2018-08-13T08:20:00-05:00

Each operating system has a hosts file that allows you to overwrite IP addresses returned for domains/hosts from DNS server or assigning other names or aliases to IP address. Hosts files are widely supported and have been for name resolution prior to DNS servers, hosts files grew to massive sizes and had to be kept somewhat in sync. This comes in very handy if you want to preview your website on a new server after migration before updating your main domain DNS server records or simply lets you work on the website using a domain name that isn’t yet registered or using temporary URL’s. Changes to hosts file only affect the computer on which they are made.

Hosts file syntax is the same across all platforms. To modify your hosts file simply edit it like so

1.2.3.4 domain.com www.domain.com server.domain.com server

and save your changes. As a result of which any request made from that computer to any of those names will be sent to the server with IP address 1.2.3.4 regardless of what address is returned for domain.com or www.domain.com or server.domain.com or server by DNS server.

Hosts file editing instructions for specific operating systems

Windows 8 & 10

Press the Windows Key, in the search box type Notepad then right click on its icon in the search result and select Run as administrator.
When in Notepad click File - > open and hosts file located in C:\Windows\System32\Drivers\etc\hosts
Make your changes and click File - >Save for them to take effect.

Windows Vista & 7

Click Start -> All Programs -> Accessories then right-click on Notepad icon and select Run as administrator.
When in Notepad click File -> Open and select C:\Windows\System32\Drivers\etc\hosts.
Make your changes and don’t forget to save then File -> Save for them to take effect.

Linux

The hosts file is a system file thus requires root privileges to make changes.

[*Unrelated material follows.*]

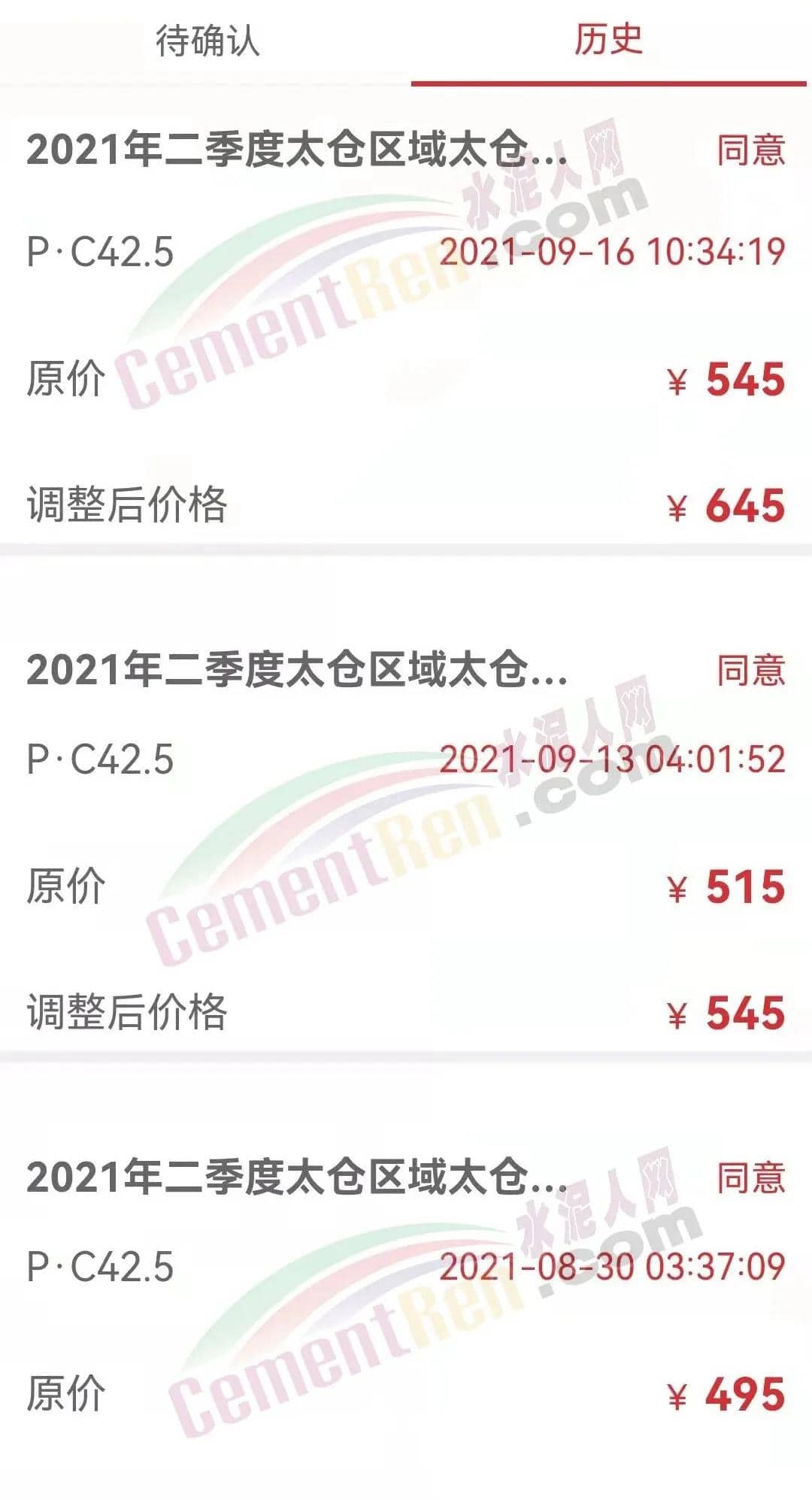 太倉海螺P.C42.5水泥從8月底的495元/噸經(jīng)歷兩次漲價后,已經(jīng)漲至9月16日的報價645元/噸,漲了150元/噸。

In a root terminal window using your preferred editor make your changes to /etc/hosts file much like so

vim /etc/hosts

Save your changes for them to take immediate effect.

Mac OSX

Open Applications -> Utilites -> Terminal in the terminal window edit /private/etc/hosts file like so

vi /private/etc/hosts

Make your changes and don’t forget to save them. For changes to take effect DNS cache needs to be flushed with command

dscacheutil -flushcache

How to change default SSH port

2018-08-08T04:47:00-05:00

Secure Shell communication by default takes place over TCP/IP protocol port 22 which doesn’t make it insecure by default. However, it’s common practice to change the default port to a nonstandard one. The reasoning for this is simply that while changing the default port doesn’t eliminate any service attack vectors it does limit the noise generated by automated attacks such as possible exploits attempts and very common brute force password guessing attacks made by bots to default service ports when scanning wide network ranges. SkylineServers recommends only permitting access through the firewall to SSH port to a set of trusted IP address for even better security access controls.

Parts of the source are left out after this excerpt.